▶ DATA SHOWN
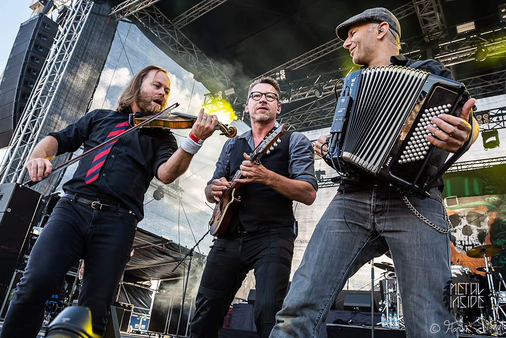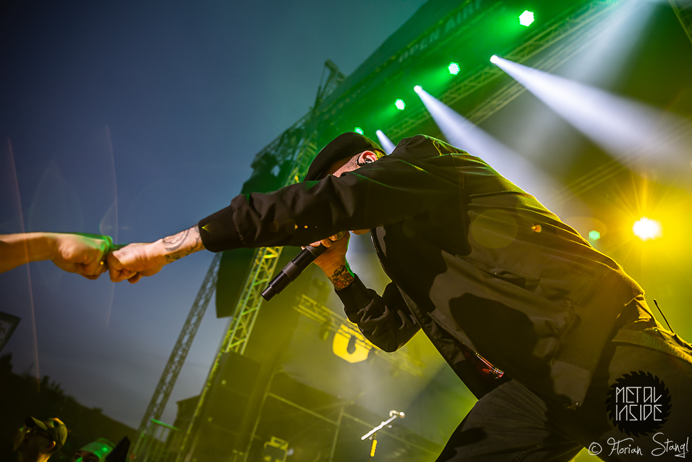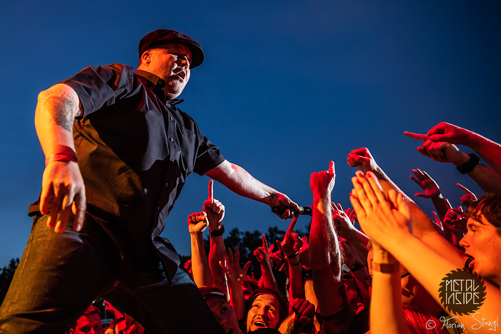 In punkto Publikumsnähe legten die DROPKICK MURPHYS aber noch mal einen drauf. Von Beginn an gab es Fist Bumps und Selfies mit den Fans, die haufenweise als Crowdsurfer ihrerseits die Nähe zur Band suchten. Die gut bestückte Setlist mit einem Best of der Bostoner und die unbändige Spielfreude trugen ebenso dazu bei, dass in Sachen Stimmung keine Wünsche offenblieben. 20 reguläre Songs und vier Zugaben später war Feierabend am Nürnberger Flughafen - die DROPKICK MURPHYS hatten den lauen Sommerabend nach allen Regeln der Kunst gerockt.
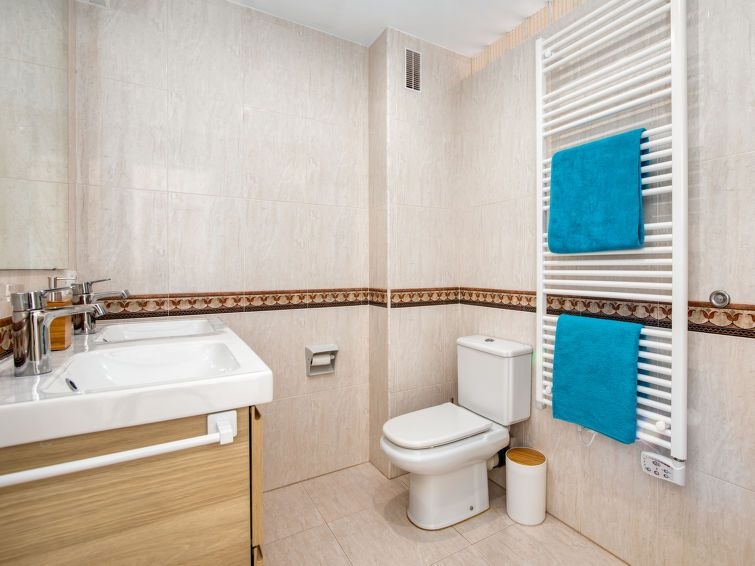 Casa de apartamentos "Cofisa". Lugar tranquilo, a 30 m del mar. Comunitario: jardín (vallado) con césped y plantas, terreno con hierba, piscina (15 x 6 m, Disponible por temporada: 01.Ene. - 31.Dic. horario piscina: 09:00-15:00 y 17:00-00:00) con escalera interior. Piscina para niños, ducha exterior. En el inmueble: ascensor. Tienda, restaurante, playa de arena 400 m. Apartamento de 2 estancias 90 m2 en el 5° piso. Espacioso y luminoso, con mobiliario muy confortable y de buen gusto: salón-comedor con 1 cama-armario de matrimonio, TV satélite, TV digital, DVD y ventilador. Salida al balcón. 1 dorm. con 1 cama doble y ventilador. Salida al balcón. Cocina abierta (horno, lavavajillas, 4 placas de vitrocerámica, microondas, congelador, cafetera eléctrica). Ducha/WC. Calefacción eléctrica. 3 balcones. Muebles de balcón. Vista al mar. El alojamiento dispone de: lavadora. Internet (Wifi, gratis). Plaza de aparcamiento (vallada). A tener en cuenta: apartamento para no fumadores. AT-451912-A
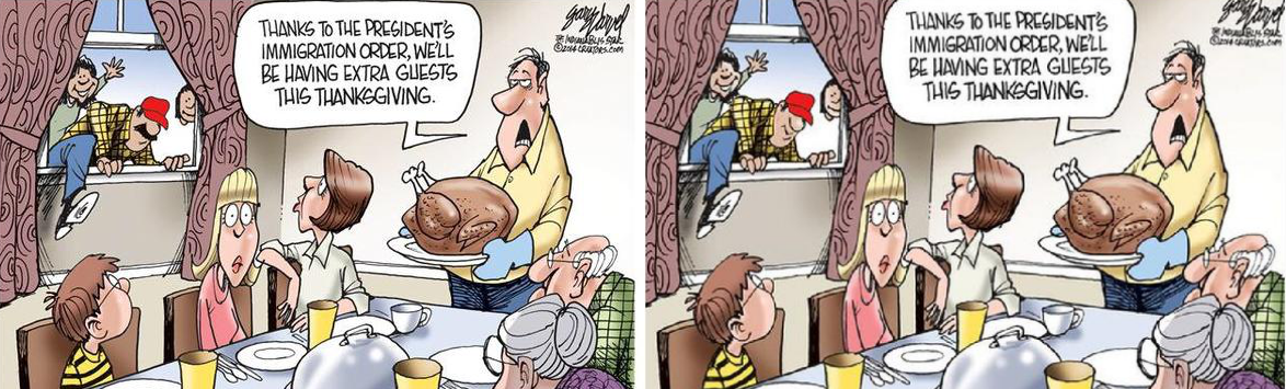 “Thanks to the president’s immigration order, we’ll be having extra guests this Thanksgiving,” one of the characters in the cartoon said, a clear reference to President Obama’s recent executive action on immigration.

▶ WORK REQUIRED
Line by line and exactly, write out the material above. Skip the pictures.

▶ OUTPUT OF THE TASK
 In punkto Publikumsnähe legten die DROPKICK MURPHYS aber noch mal einen drauf. Von Beginn an gab es Fist Bumps und Selfies mit den Fans, die haufenweise als Crowdsurfer ihrerseits die Nähe zur Band suchten. Die gut bestückte Setlist mit einem Best of der Bostoner und die unbändige Spielfreude trugen ebenso dazu bei, dass in Sachen Stimmung keine Wünsche offenblieben. 20 reguläre Songs und vier Zugaben später war Feierabend am Nürnberger Flughafen - die DROPKICK MURPHYS hatten den lauen Sommerabend nach allen Regeln der Kunst gerockt.
 Casa de apartamentos "Cofisa". Lugar tranquilo, a 30 m del mar. Comunitario: jardín (vallado) con césped y plantas, terreno con hierba, piscina (15 x 6 m, Disponible por temporada: 01.Ene. - 31.Dic. horario piscina: 09:00-15:00 y 17:00-00:00) con escalera interior. Piscina para niños, ducha exterior. En el inmueble: ascensor. Tienda, restaurante, playa de arena 400 m. Apartamento de 2 estancias 90 m2 en el 5° piso. Espacioso y luminoso, con mobiliario muy confortable y de buen gusto: salón-comedor con 1 cama-armario de matrimonio, TV satélite, TV digital, DVD y ventilador. Salida al balcón. 1 dorm. con 1 cama doble y ventilador. Salida al balcón. Cocina abierta (horno, lavavajillas, 4 placas de vitrocerámica, microondas, congelador, cafetera eléctrica). Ducha/WC. Calefacción eléctrica. 3 balcones. Muebles de balcón. Vista al mar. El alojamiento dispone de: lavadora. Internet (Wifi, gratis). Plaza de aparcamiento (vallada). A tener en cuenta: apartamento para no fumadores. AT-451912-A
 “Thanks to the president’s immigration order, we’ll be having extra guests this Thanksgiving,” one of the characters in the cartoon said, a clear reference to President Obama’s recent executive action on immigration.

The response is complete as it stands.